PROGNOSIS OF AIRBORNE INFECTIONS THROUGH EVALUATION OF IMMUNOLOGICAL INDICATORS

Abstract

Background: Airborne infections, including influenza, ARVI, and emerging coronaviruses, constitute a major public health burden globally and in Uzbekistan. While exposure to these pathogens is universal, susceptibility and disease severity vary significantly among individuals. This clinical variability is largely determined by the host's immune status prior to infection. This study aims to develop a comprehensive prognostic model for the susceptibility to and severity of airborne infections based on the evaluation of specific immunological indicators, focusing on the interplay between mucosal barriers and systemic immune responses.
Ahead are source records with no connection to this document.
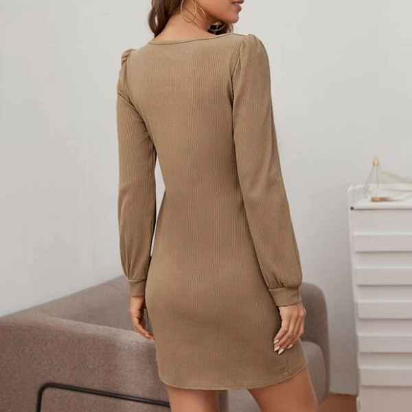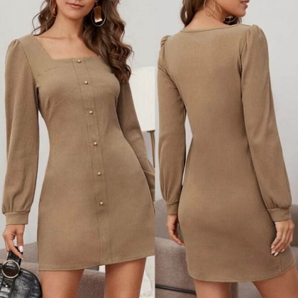Elegant Solid Color Long Sleeve Square Collar Front-button Dress
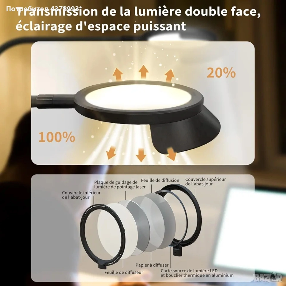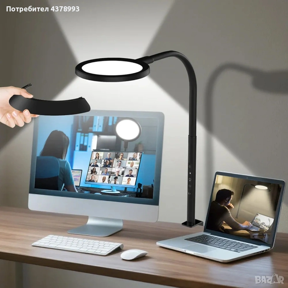 Двустранна LED Настолна Лампа с регулиране на светлина и рамо, Дистанционно, Сенник и Стяга – НОВА!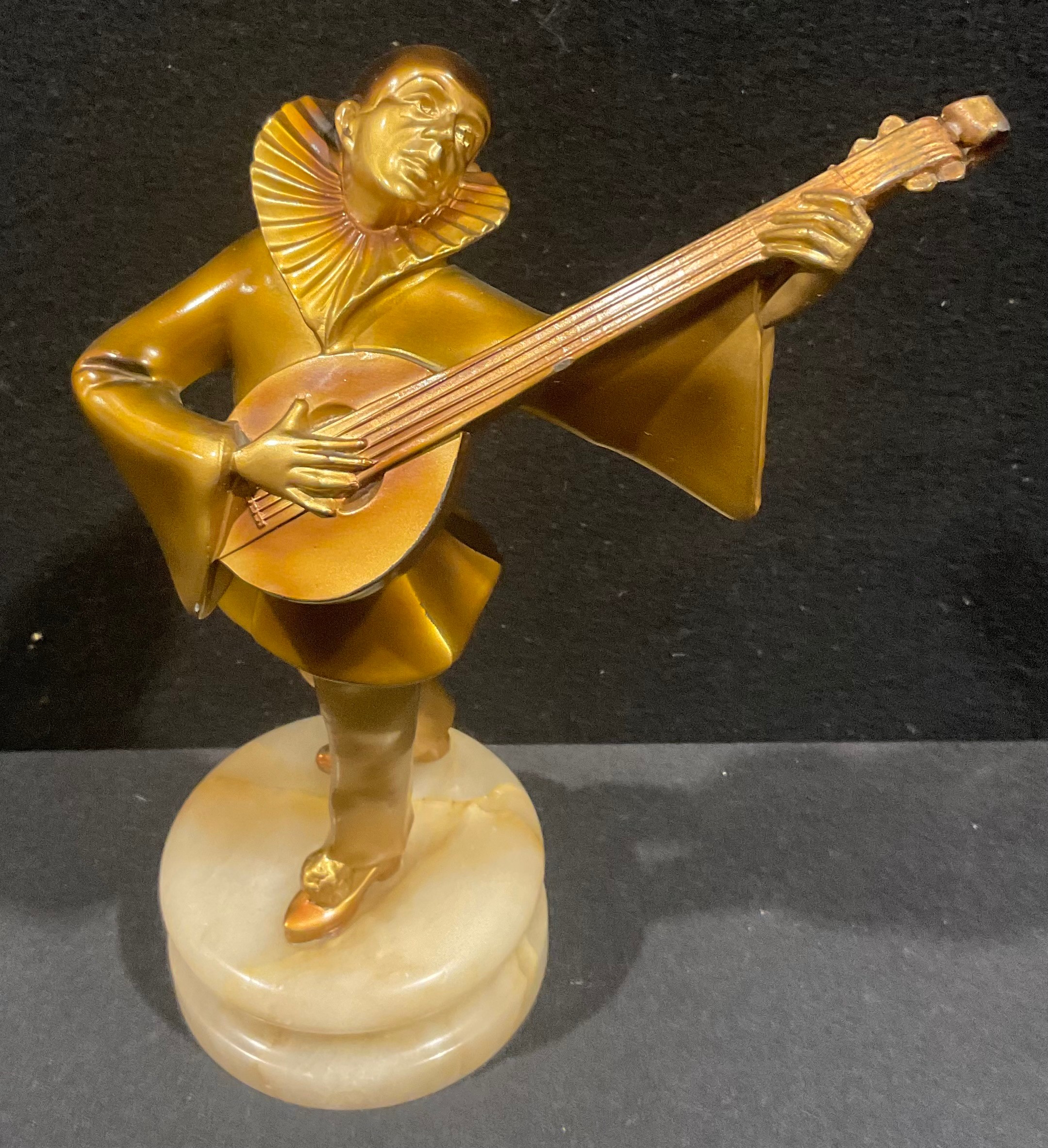 An Art Deco bronzed spelter figure after Joseph Lorenzl, the mandolin player, c.1935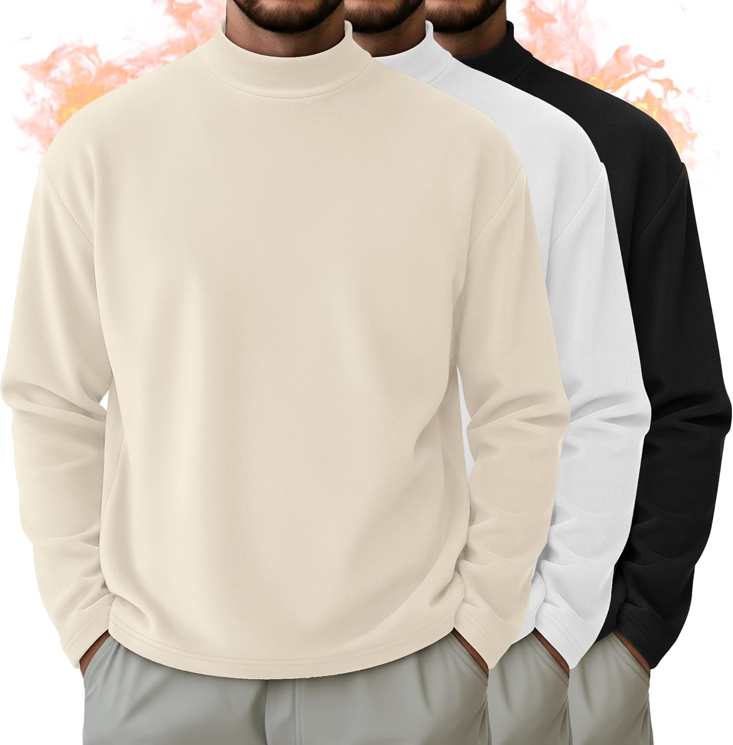 3 Pack Men's Mock Turtleneck Shirts Thermal Long Sleeve Tops Basic Mock Neck Slim Undershirts Pullover Sweaters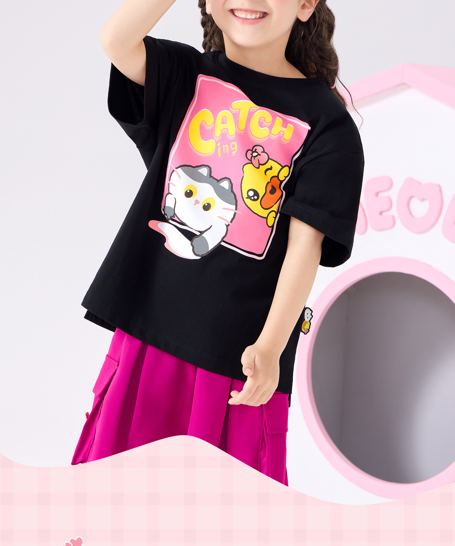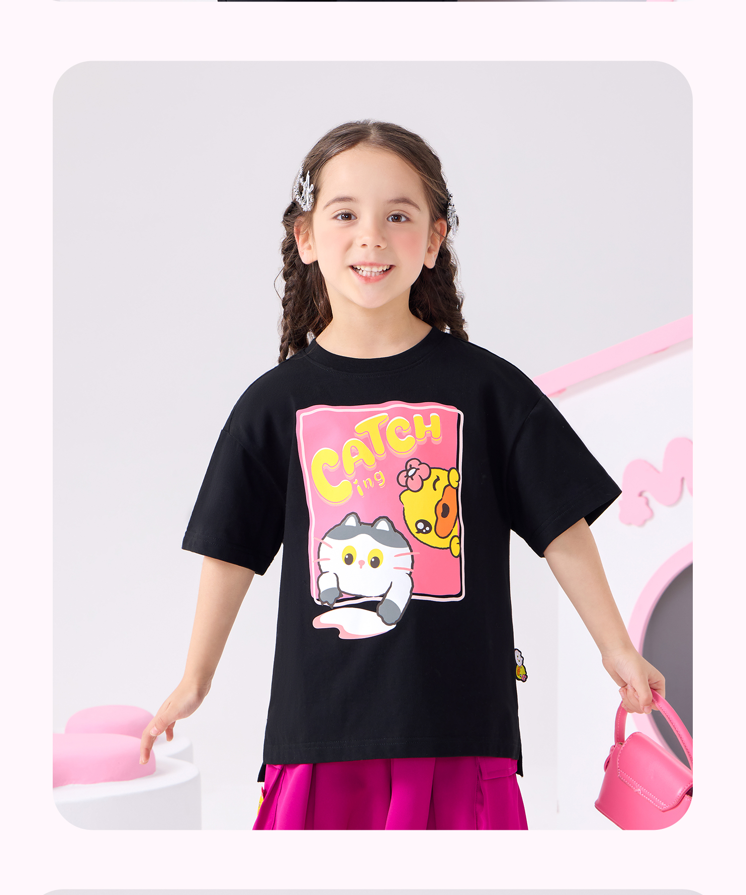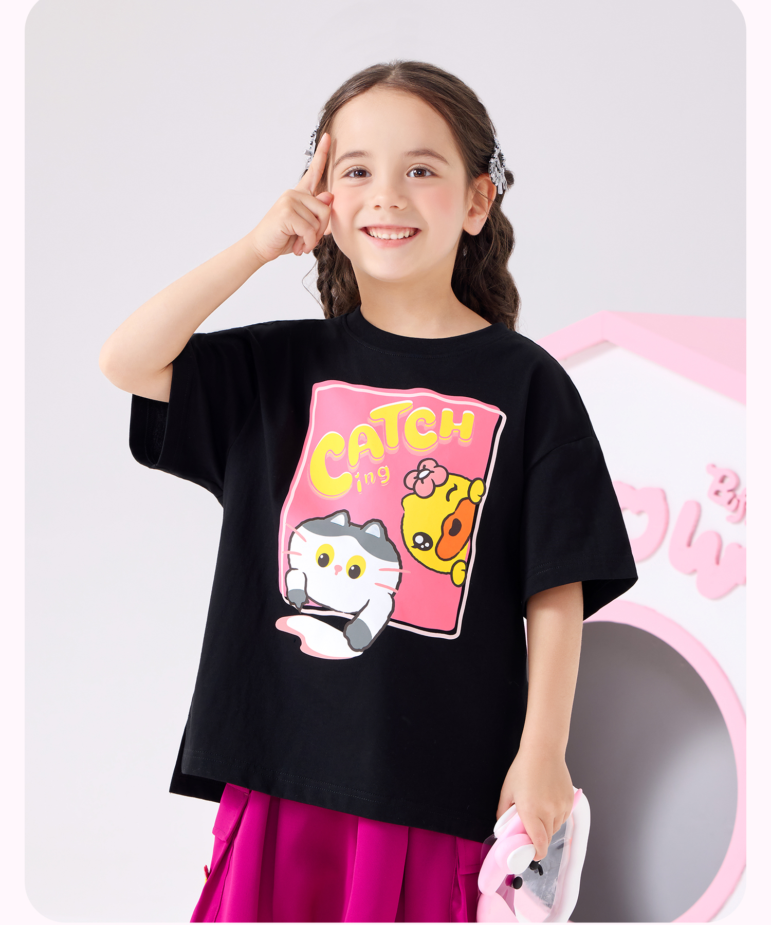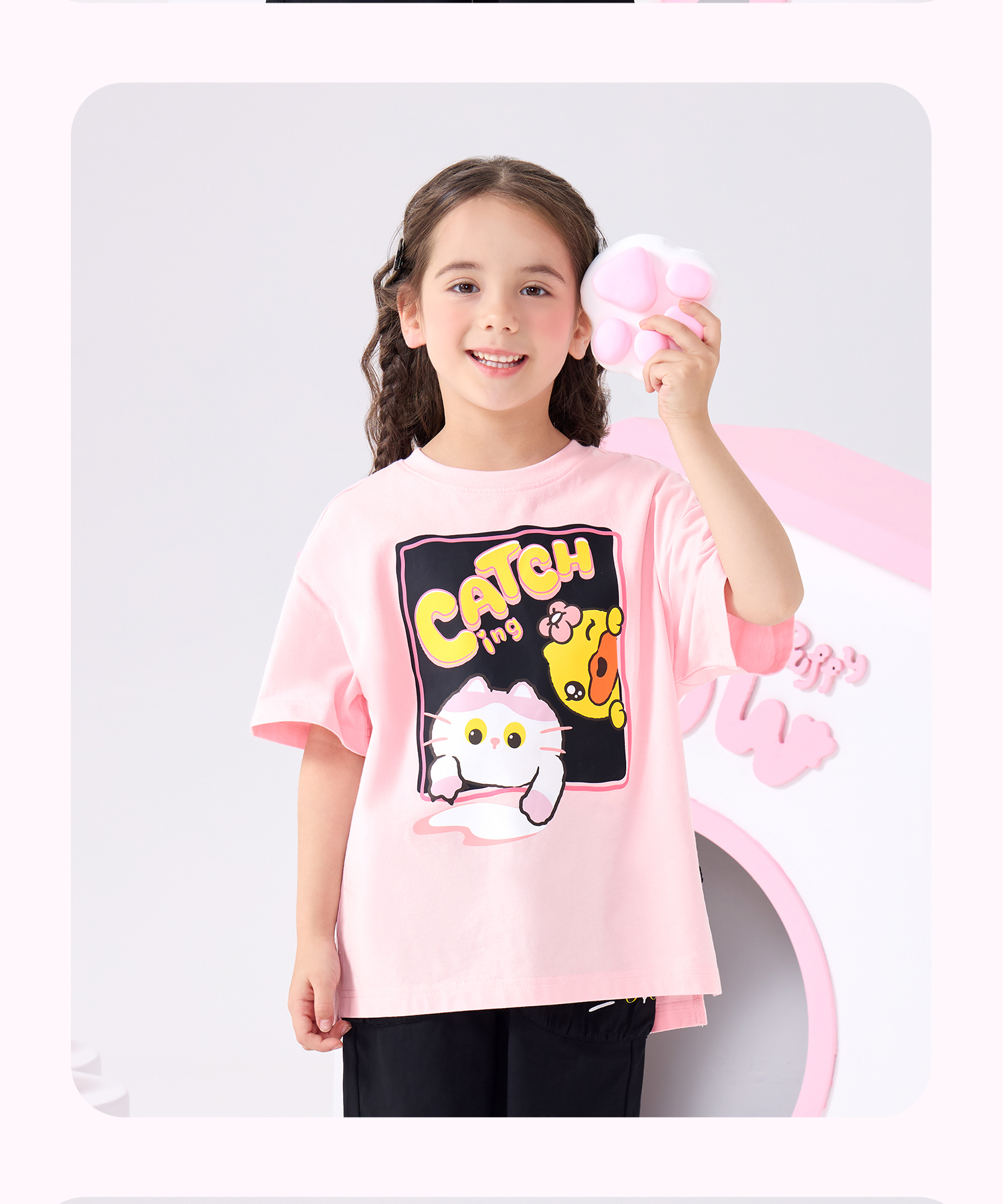 bduck小黄鸭童装夏季女童短袖T恤纯棉夏装小女孩半袖上衣儿童猫咪印花105-150 FF2601012

Methods: A prospective longitudinal study was conducted involving 200 healthcare workers (a high-risk group due to occupational exposure) at the Andijan Regional Infectious Diseases Hospital. Baseline immunological profiling included quantitative analysis of secretory IgA (sIgA) in saliva, serum Immunoglobulins (IgG, IgM, IgE), cytokine profile (IL-6, TNF-α, IFN-γ), and lymphocyte subsets (CD3+, CD4+, CD8+, CD16/56+). Participants were closely monitored for symptoms of airborne infections over a 6-month autumn-winter epidemic season. Results: Individuals who developed frequent or severe infections had significantly lower baseline levels of salivary sIgA (mean 45 mg/L vs 120 mg/L in the healthy group, p<0.001) and a suppressed Th1 response characterized by low IFN-γ levels. A prognostic index combining sIgA levels and Phagocytic Activity showed a sensitivity of 85% and specificity of 90% in predicting infection susceptibility. Furthermore, elevated total IgE was identified as a risk factor for prolonged recovery. Conclusion: Immunological screening, particularly the assessment of mucosal immunity (sIgA) and cytokine balance, serves as a reliable, non-invasive tool for forecasting the risk of airborne infections. Identifying immunocompromised individuals allows for targeted immunoprophylaxis and personalized preventive strategies.

Keywords

Airborne infections, immunology, prognosis, secretory IgA, cytokines, susceptibility, prevention, mucosal immunity.

References

1. Brandtzaeg, P. (2013). Secretory IgA: Designed for Anti-Microbial Defense. Frontiers in Immunology, 4, 222.
2. Gleeson, M., et al. (2011). Daily probiotic's (Lactobacillus casei Shirota) reduction of infection incidence in athletes. International Journal of Sport Nutrition and Exercise Metabolism, 21(1), 55-64.
3. World Health Organization. (2020). Immunology of SARS-CoV-2. Scientific Brief.
4. Khaitov, R. M. (2018). Immunology. GEOTAR-Media.
5. Azimov, R. K., et al. (2019). Seasonal variations in immune status among the population of the Fergana Valley. Central Asian Journal of Medicine.
6. Calder, P. C. (2013). Feeding the immune system. Proceedings of the Nutrition Society, 72(3), 299-309.